Wagenknecht hat keine konkrete Lücke, keinen politischen Freiraum oder Standort, von dem aus sie ein einzigartiges politisches Angebot liefern könnte, dass nicht bereits über die bestehende Parteienkonfiguration abgebildet wird. Sie müsste bereits stabilisierte Wählerfestungen erobern und sich dabei allein auf ihren Charme und ihre Beliebtheit verlassen. Das sind jedoch auf lange Sicht recht unsichere Faktoren, die vielen Schwankungen unterworfen sein können.
Die AfD sollte eine Wagenknecht-Partei jedoch als mögliche Konkurrenz keineswegs unterschätzen. Ihr bietet sich durchaus eine Profilierungschance, aus der sie Schwung mitnehmen kann und die Bewegungsdynamik des noch recht losen Wagenknechts-Milieus in die eigene strategische Positionierung integrieren kann. Einen ersten klugen Ansatz liefert die Partei dazu im Hinblick auf die Aufstellung als „Friedenspartei“, womit womöglich einige programmatische AfD-Punkte zu den Themenkomplexen Bundeswehr und Sicherheitspolitik strapaziert werden, aber immer noch moderationsfähig bleiben.
Die AfD muss sich vor einer Wagenknecht-Partei jedenfalls nicht fürchten, wenn sie ihre zentralen Themenfelder konsistent zusammenhält und insbesondere bei der Schnittstelle von sozialer Gerechtigkeit und Migration keine Angriffsflächen oder Lücken für eine potentielle Wagenknecht-Partei hinterlässt.
Uwe Lay
Eine neu gegründete Partei unter Frau Wagenknechts Führung könnte zu einer Gefährdung der AfD werden, wenn dieser Partei es nicht gelingt, sozialpolitisch sich von ihrem Marktwirtschaftsliberalismus zu lösen. Zudem ist davon auszugehen, daß diese Partei als die Alternative zur AfD auch von den Medien unterstützt wird getreu der Maxime:Spalte und herrsche! Frau Wagenknecht verfügt zu dem über eine große Ausstrahlungskraft, sie kann so Menschen für sich gewinnen- eine solche Führungskraft fehlt der AfD.

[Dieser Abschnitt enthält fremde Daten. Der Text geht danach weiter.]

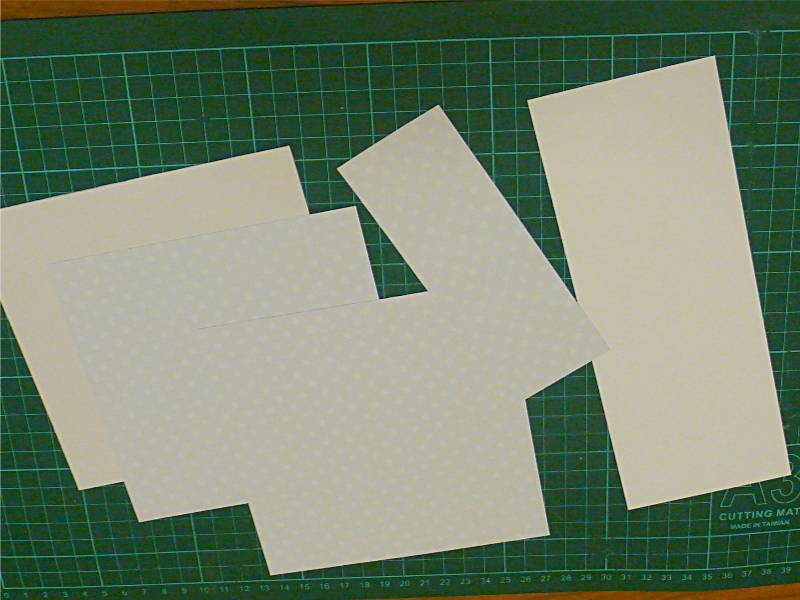 2. Из скрапбумаги вырезаем два квадрата для лицевой и тыльной сторон открытки. У меня основа для открытки размером 14,5х14,5 см, квадраты вырезаю чуть меньше - 14х14 см. Плюс из скрапбумаги дополнительно вырезаем полоску шириной 5 см и длиной, равной стороне квадрата - 5х14 см. Из белой бумаги отрезаем полоску шириной 7-8 см и длиной больше стороны квадрата на 2-3 см (лишнее потом отрежем)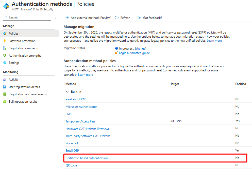 Note: Although CBA is disabled in the tenant (Figure 6), authentication to the service principal using the certificate will still succeed. This is because user-based CBA refers to an interactive, browser-based sign-in experience, while service principals rely on a non-interactive OAuth 2.0 client credentials flow using certificate assertions. Disabling CBA affects only interactive user authentication with certificates and has no impact on programmatic service principal authentication. These are separate authentication paths in the Entra ID platform.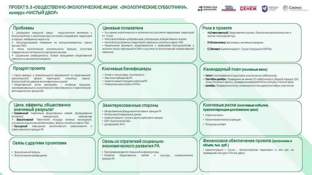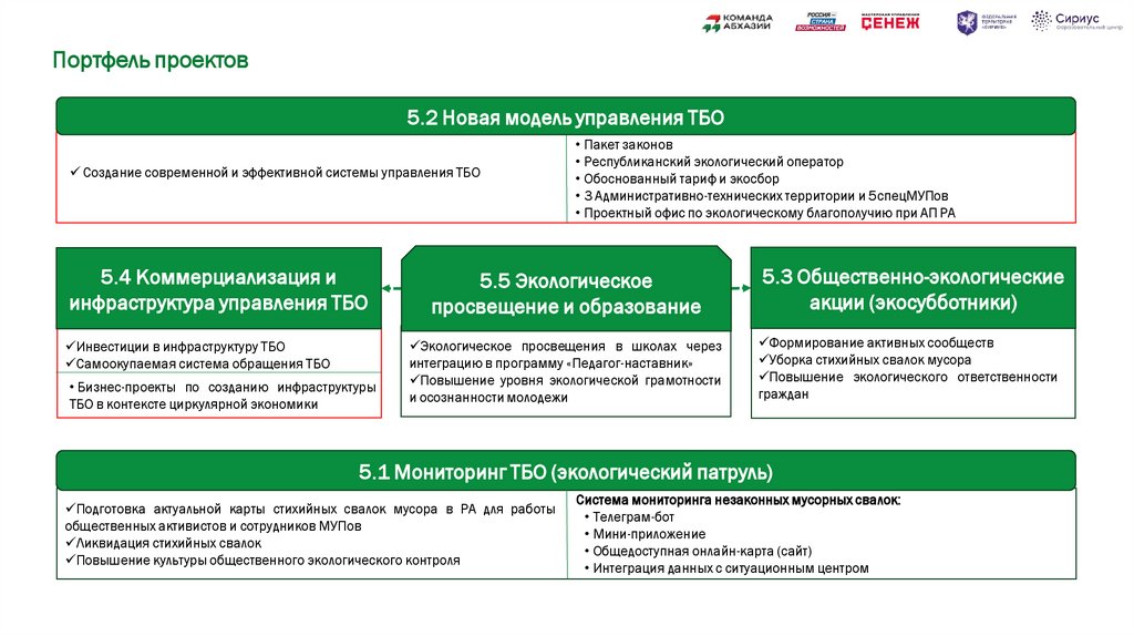 2. Создать условия для «циркулярной» экономики в Республике Абхазии на базе современных технологий утилизации и переработки ТБО, а также за счет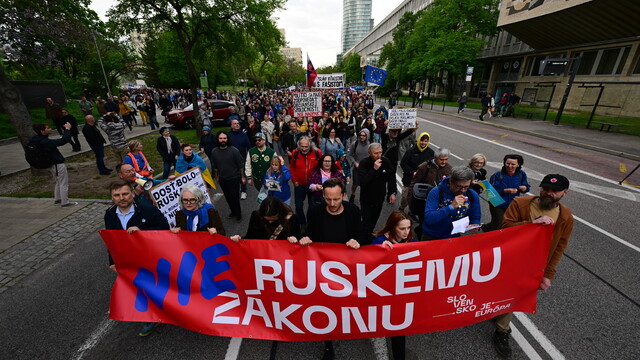 Účastníci verejne vyzvali prezidenta Petra Pellegriniho, aby tzv. „ruský zákon“ nepodpísal.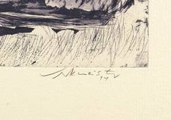 WVZ 442. – Rechts unten in Bleistift signiert und datiert: ″Werkmeister 94″. Links Auflagenbezeichnung und Titel. In der Blattecke rechts unten Trockenstempel: ″WERKMEISTER DRUCK″. – Papier in den Blattkanten etwas angegilbt. Vor allem im äußeren Rand winzige Fleckchen von Eiseneinschlüssen im Bütten. Insgesamt mäßig guter Zustand.
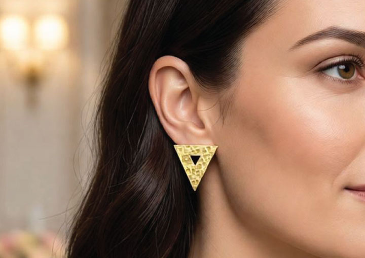 Add a touch of modern sophistication to your style with these striking triangular earrings inspired by earth symbol. Crafted with a unique textured finish and minimalist cut-out design, they’re the perfect accessory for those who dare to stand out. Lightweight yet impactful for day-to-night elegance.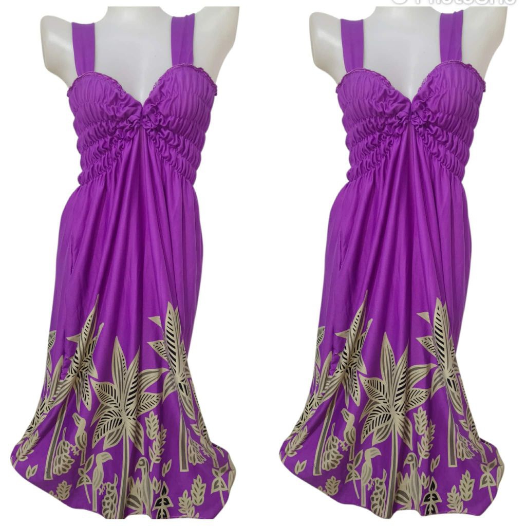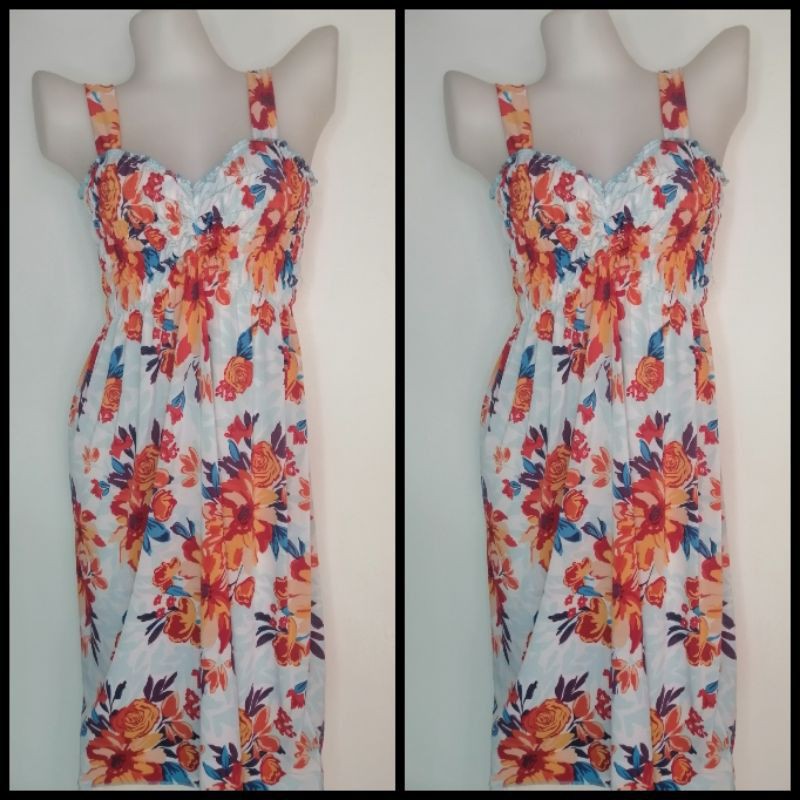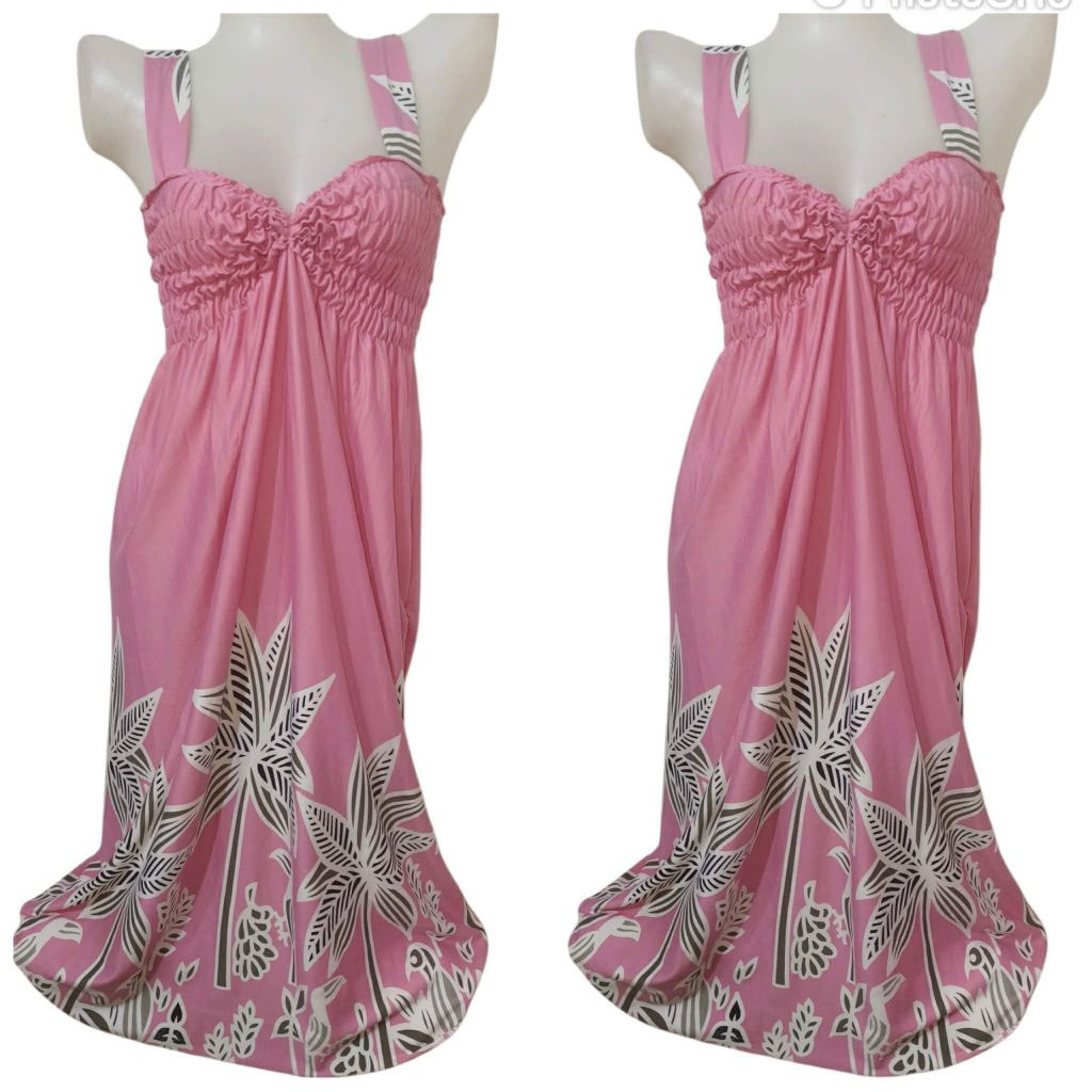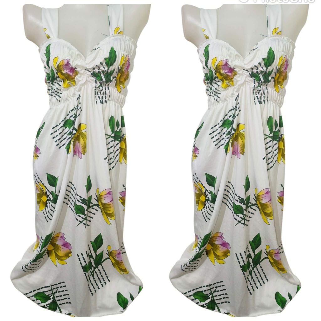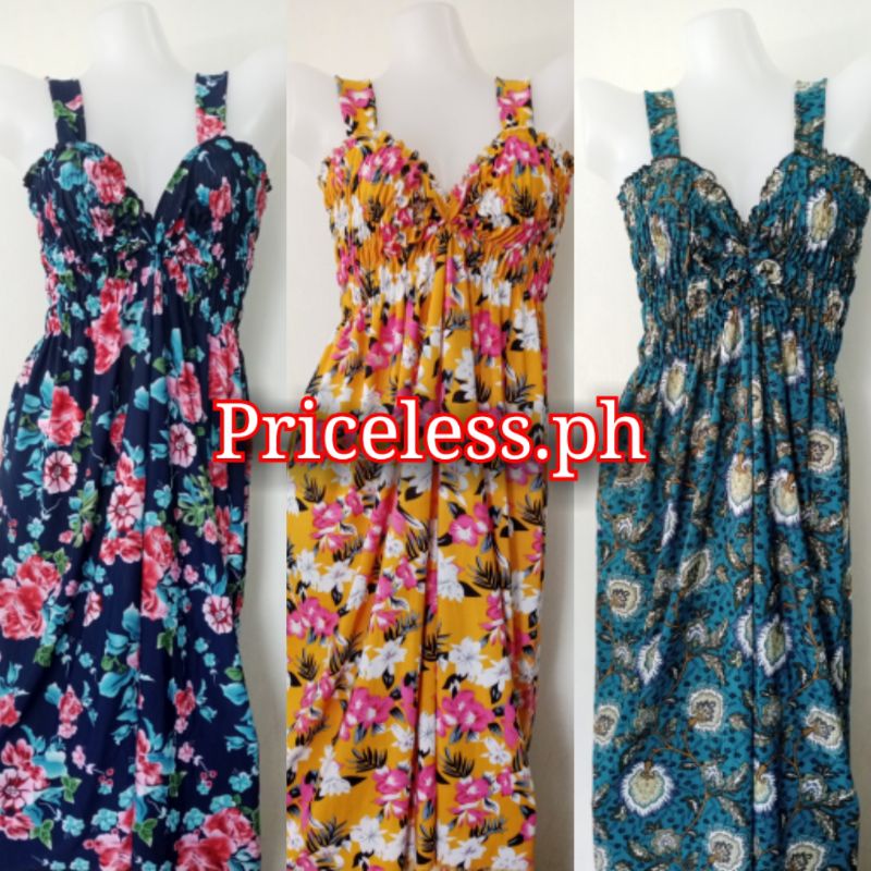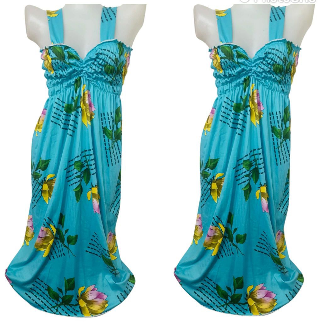 LONG SMOCKING DUSTER / DUSTER PAMBAHAY / MATERNITY DRESS ( SPAGHETTI V-NECK )

Aber es ist auch zu fragen, ob es nicht eine Cooperation zwischen dieser Partei, wenn sie denn kommt,und der AfD geben könnte. Diese 2 Parteien hätten ja untereinander mehr Gemeinsamkeiten als mit allen anderen Parteien. Gelänge es, die Abgrenzeritis zu überwinden, könnten diese 2 viel erreichen.